Stable Matching for Selection of Intelligent Reflecting Surfaces in Multiuser MISO Systems
Jawad Mirza, Bakhtiar Ali, Muhammad Awais Javed

TL;DR
This paper introduces a stable matching-based IRS selection strategy for multiuser MISO systems, improving sum rate performance by ensuring stable user-IRS pairings through a two-stage algorithm.
Contribution
It proposes a novel IRS selection method using stable matching theory, specifically addressing interference issues in multiuser systems.
Findings
Achieves higher sum rate compared to distance-based matching.
Ensures stable user-IRS pairings in multiuser MISO systems.

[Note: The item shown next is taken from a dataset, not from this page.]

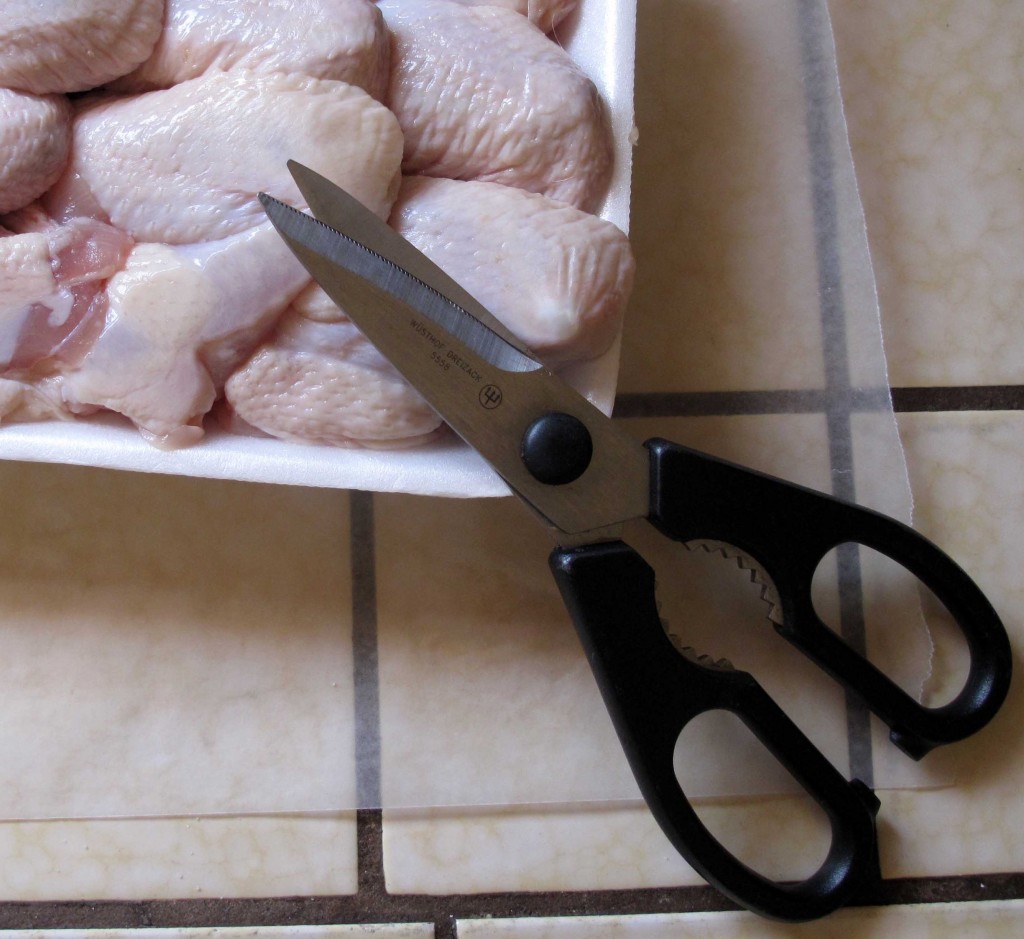 Being extra-special-careful, firmly hold the uncut wing with the “nib” pointing toward you. Slide your shears – pointing away from you – between the nib and first wing section. Cut, separating the nib from the edible wing. Either discard the nibs or cook them for broth. I always toss them, but that’s just me.

Validates effectiveness through numerical simulations.
Abstract
In this letter, we present an intelligent reflecting surface (IRS) selection strategy for multiple IRSs aided multiuser multiple-input single-output (MISO) systems. In particular, we pose the IRS selection problem as a stable matching problem. A two stage user-IRS assignment algorithm is proposed, where the main objective is to carry out a stable user-IRS matching, such that the sum rate of the system is improved. The first stage of the proposed algorithm employs a well-known Gale Shapley matching designed for the stable marriage problem. However, due to interference in multiuser systems, the matching obtained after the first stage may not be stable. To overcome this issue, one-sided (i.e., only IRSs) blocking pairs (BPs) are identified in the second stage of the proposed algorithm, where the BP is a pair of IRSs which are better off after exchanging their partners. Thus, the second…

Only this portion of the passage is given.